Cİ içinde cinsel birleşme, cinsel birleşmeye teşebbüs, oral-genital temas, genital bölgenin doğrudan ya da giysi üzerinden okşanması, teşhircilik ya da çocuğun erişkin cinsel aktivite ya da pornografiye maruziyeti ve fuhuş ya da pornografide kullanılması gibi travmatik yaşantılar yer alır.

Cinsel istismar çeşitleri:

a. Temas içermeyen cinsel istismarlar: Cinsel içerikli konuşma, gösterimcilik, röntgencilik, çocuğa pornografik materyallerin gösterilmesi, cinsel ilişkiye tanık edilme veya çocuğun yanında mastürbasyon yapma gibi davranışlardır.
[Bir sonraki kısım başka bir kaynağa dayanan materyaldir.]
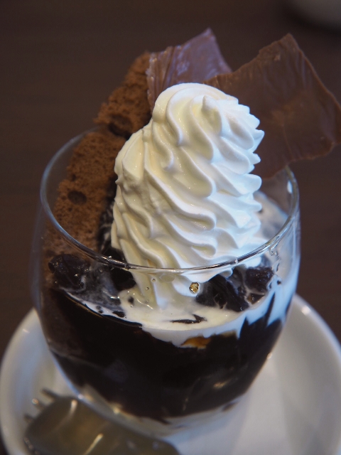 苦味のある自家製コーヒーゼリーと、滑らかなバニラアイスと、しっとりとしたチョコレートケーキと、ふんわりとした生クリームの相性は抜群。
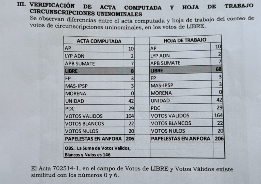La presidenta del TED, María Cristina Claros, aclaró que no se trata de una impugnación formal —cuyo plazo legal de 48 horas ya venció— sino de un pedido de reconsideración técnica, tras detectarse una posible mala validación en una mesa de votación. Este procedimiento, amparado en los principios de transparencia y legalidad, podría tener un efecto directo sobre la asignación del escaño de diputado uninominal.
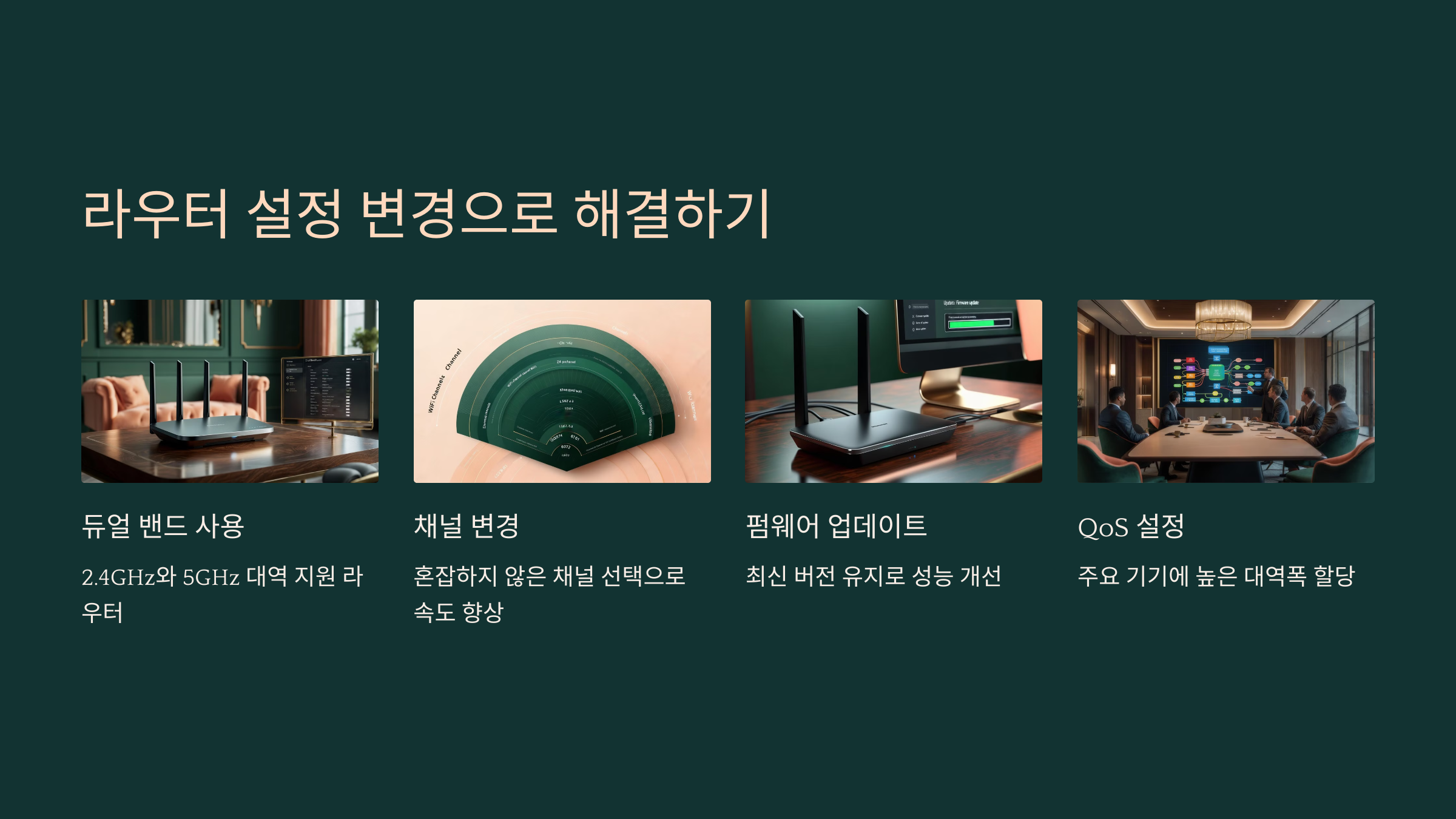 2.4GHz와 5GHz 대역을 모두 지원하는 듀얼 밴드 라우터를 사용하세요.
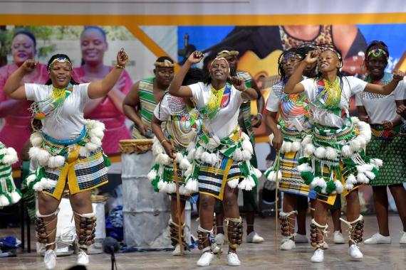 Sebonda Arts Group performs Sebirwa traditional dance during the 13th Annual National Arts Festival for Traditional Song and Dance at Sir Seretse Khama Barracks in Gaborone, Botswana, July 13, 2024. (Photo by Tshekiso Tebalo/Xinhua)"It is one of the most dynamic sectors, offering opportunities, particularly for developing countries, to emerge into high-growth areas to support and attract investment, entrepreneurship, and innovation, thus promoting cultural diversity and well-being," said Rakgare.Held under the theme "The Creative Economy: Botswana's Economic Future Redefined," the event featured about 32 traditional groups from various parts of Botswana. The performances demonstrated how past generations used to heal the ill, pray for rain, and learn how to plow.Rakgare said the National Arts Festival aims to highlight the richness and uniqueness of Botswana's cultures, assist creatives in realizing their full potential and contribution to the economy, and promote economic diversification.This year's event attracted more than 14,000 artists from across the country, promoting both visual arts (fashion, pottery, painting, graphic design, photography, and sculpture) and performing arts.
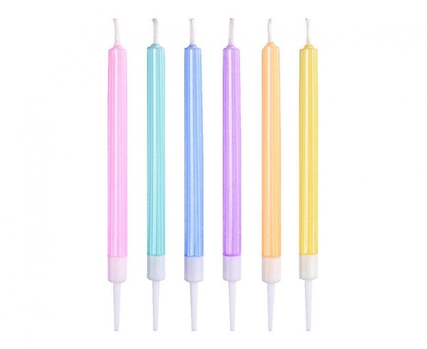 Dortové svíčky v makronkových barvách s držátky pro bezproblémové upevnění na narozeninový dort v metalických barvách. Udělají radost každému oslavenci, nejen dětem.
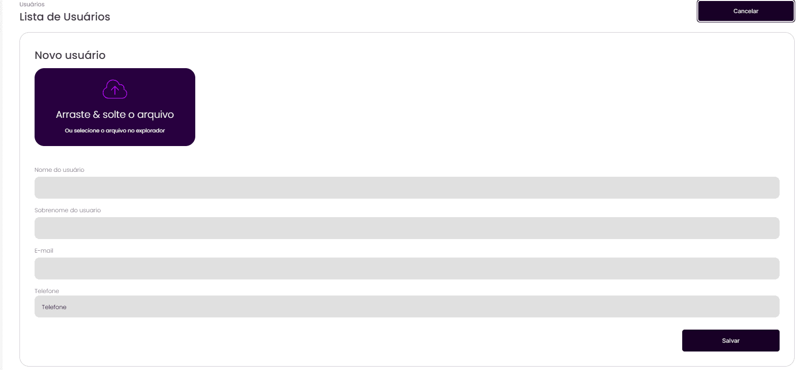Fill in all the required information for the new user, including first name, last name, email, and phone number. You can also drag and drop a file to upload a profile picture or select from the file explorer.
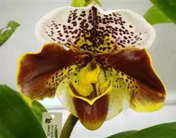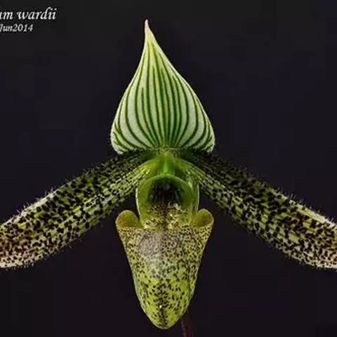 彩云兜兰(学名:Paphiopedilum wardii Summerhayes)是兰科、兜兰属的地生植物,是国家一级保护植物。 地生。叶基生,数枚至多枚,带形、革质。花葶从叶丛中长出,花苞片非叶状;子房顶端常收狭成喙状;花大而艳丽,有种种色泽;中萼直立,花粉粉质或带粘性,退化雄蕊扁平;柱头肥厚,下弯,柱头面有乳突,果实为蒴果。兜兰花比较雅致,色彩比较庄重,色及带有不规则斑点或条纹。花瓣较厚,花朵开放期比较长,12月至次年3月开花。
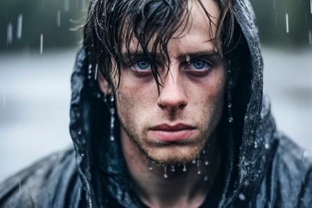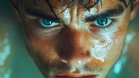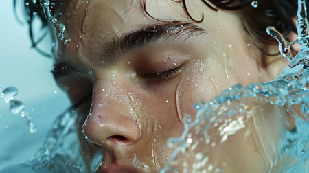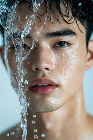 A stunning close-up shot of a young man's face with glistening water drops enhances the natural beauty, revealing his intense gaze and skin texture.
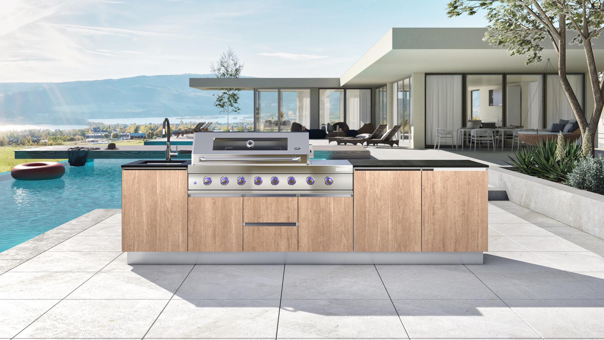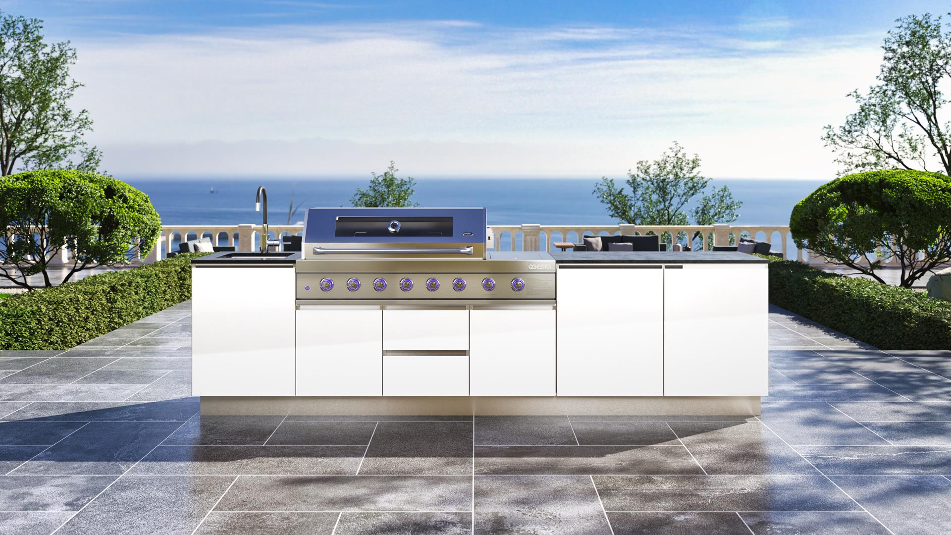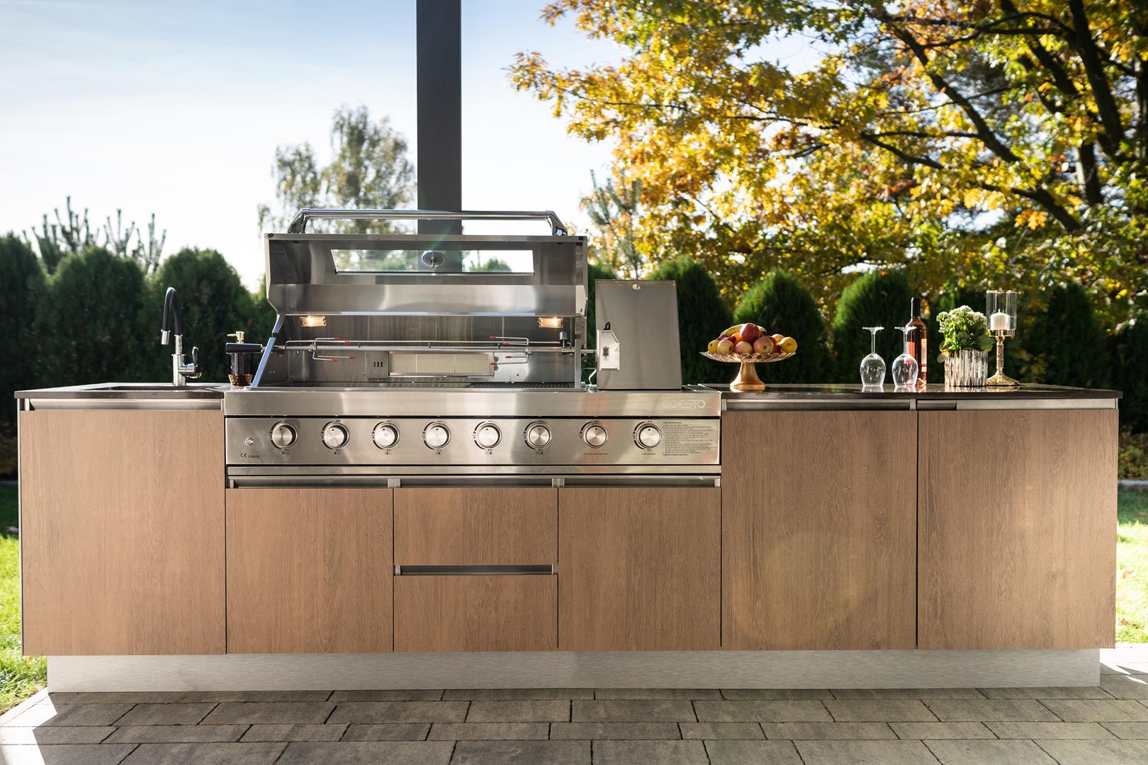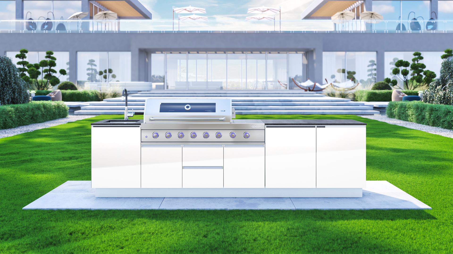 Bring elegance and versatility to your garden with the SAAR XXL garden kitchen. Thanks to its full rear housing, this model can be placed anywhere on your property, becoming the focal point of any arrangement. SAAR XXL impresses with a beautiful finish that can be admired from all sides, adding a modern charm to any setting. When you choose SAAR XXL, you are investing in functionality and style, creating the perfect place to cook and spend time outdoors.
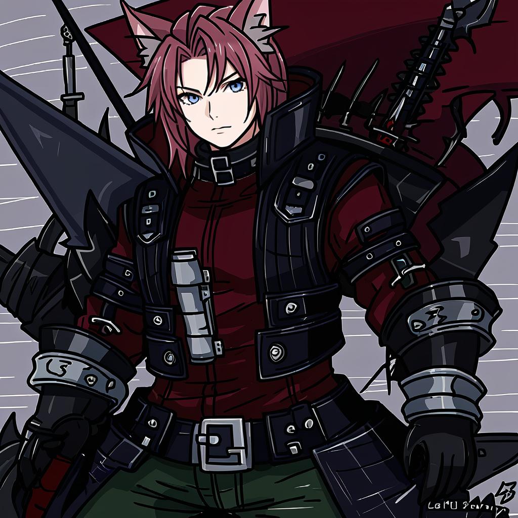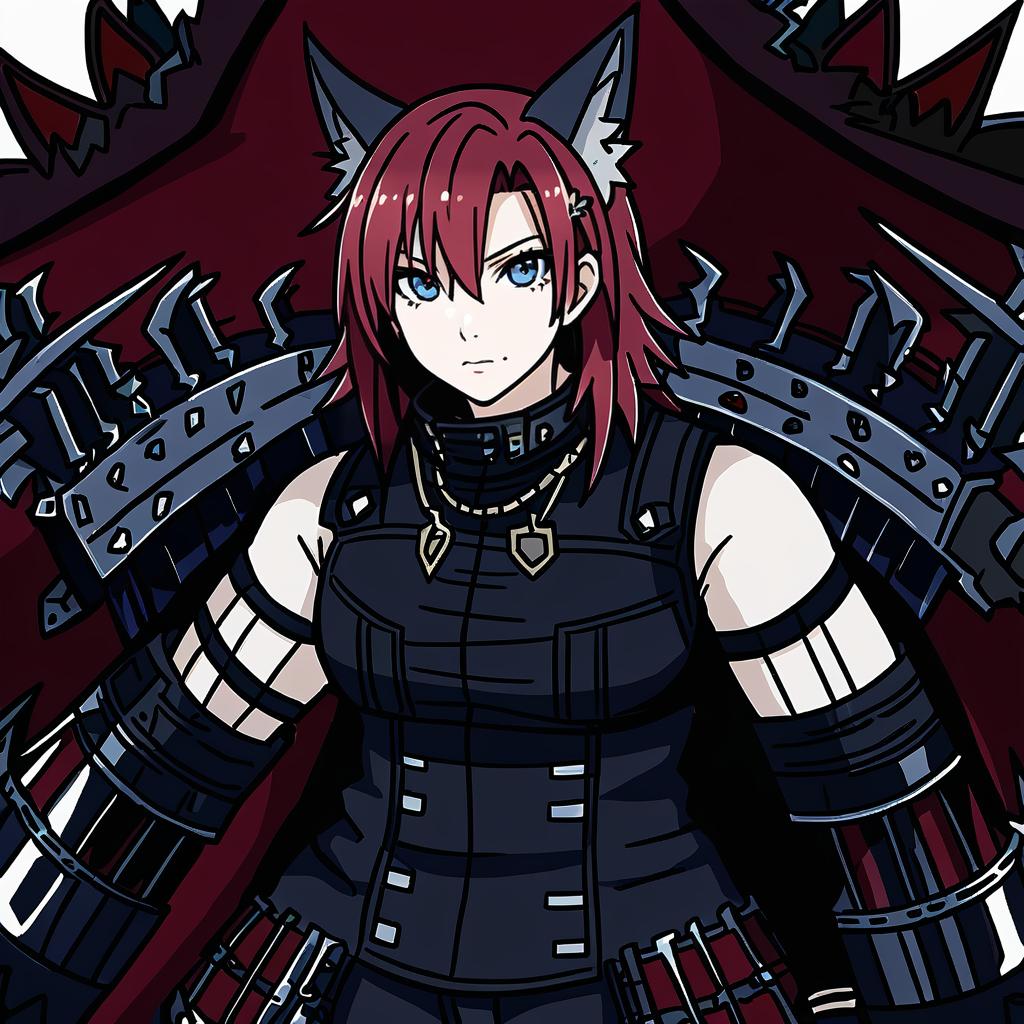 Digital anime-style illustration of a strong female character with red hair and blue eyes wearing dark, futuristic armor. The character has cat ears and a serious expression, detailed with spiked metallic shoulder armor and black tactical clothing, inspired by Cait Sith from Final Fantasy.
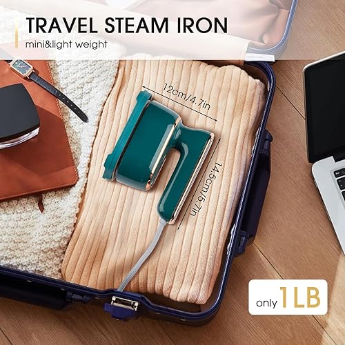 Mini Fer à repasser, Défroisseur Vapeur de Voyage 2 en 1 portable, 1000 W 15s De Chauffage Rapide, Steam Iron avec réservoir deau 100 ML, Petit Défroisseur à Main pour Maison et Voyage (vert)
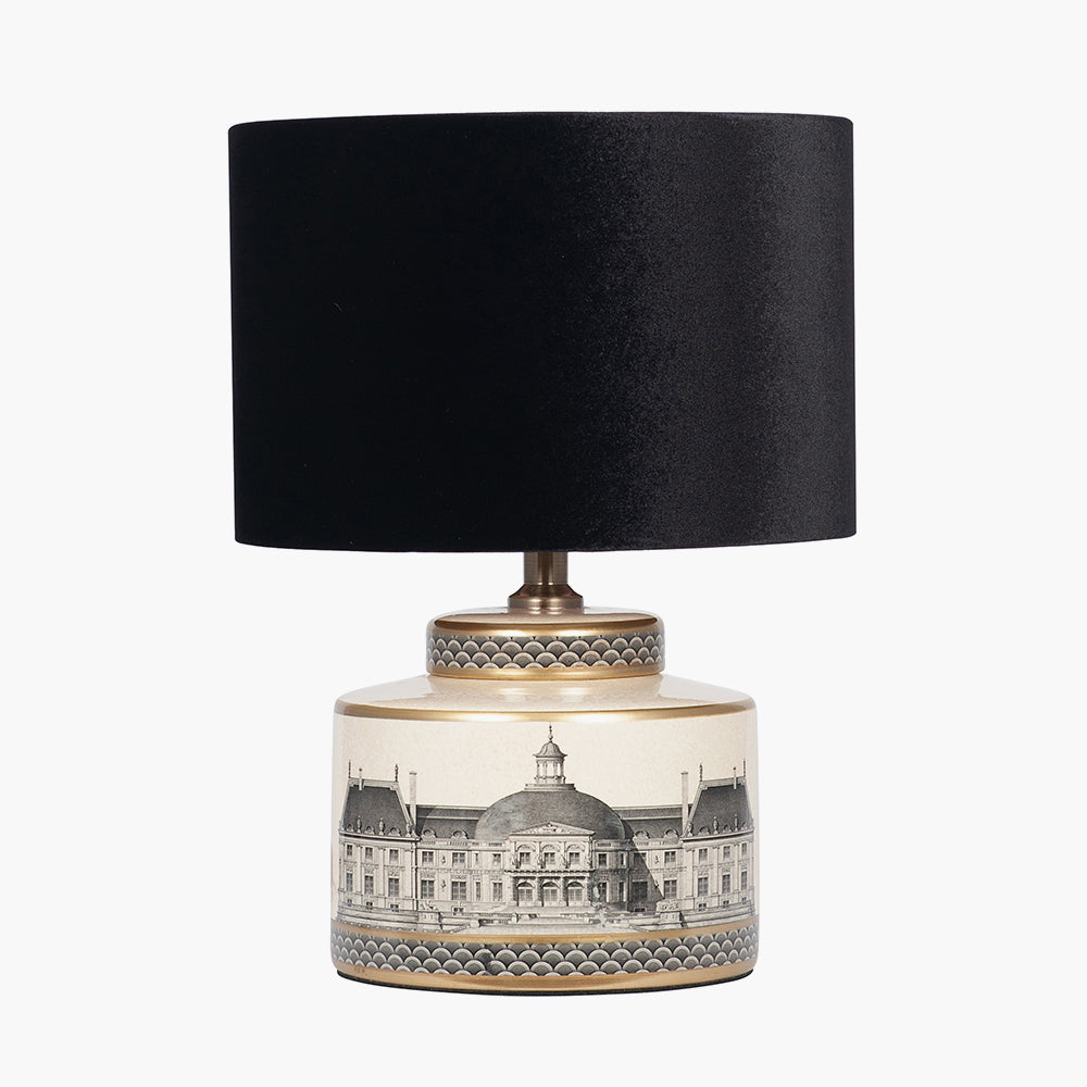 Small and compact this monochrome architectural building print is sat upon a subtle cream background making this a striking detail on this ceramic table lamp. The stylish ceramic table lamp base is complemented with a luxurious black velvet lamp shade, with metallic bronze inner, this stylish lamp is sure to make a statement in your home.
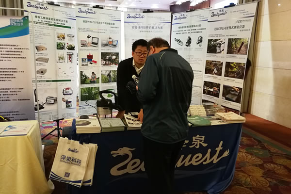 本次大會(huì),澤泉科技提供的多酚測量解決方案和乙烯測量解決方案受到嘉賓的關(guān)注,原位的測量方法可以直接測量植物病理相關(guān)的次生代謝物積累以及植物激素代謝。植物葉綠素?zé)晒獬上裨诓±韺W(xué)中的應(yīng)用為科研工作者提供了病例研究的新方法,通過葉綠素?zé)晒獬上窨梢宰R(shí)別和鑒定植物病變?cè)缙诘牡囊恍┥碜兓?,很多嘉賓表現(xiàn)出了濃厚的興趣。

b. Cinsel dokunma: İstismarcı kurbana dokunabilir ya da kurbanı kendisine dokunması için zorlayabilir.

c. Oral-genital seks

d. İnterfemoral ilişki(Irza tasatti): Penetrasyonun olmadığı, sürtünmenin olduğu istismar şeklidir.

e. Cinsel penetrasyon (Irza geçme): Genital ilişki, anal ilişki, objelerle penetrasyon ve parmakla penetrasyon şeklinde olabilir.

f. Cinsel sömürü: Çocuk pornografisi ve çocuk fuhuşunu kapsar.  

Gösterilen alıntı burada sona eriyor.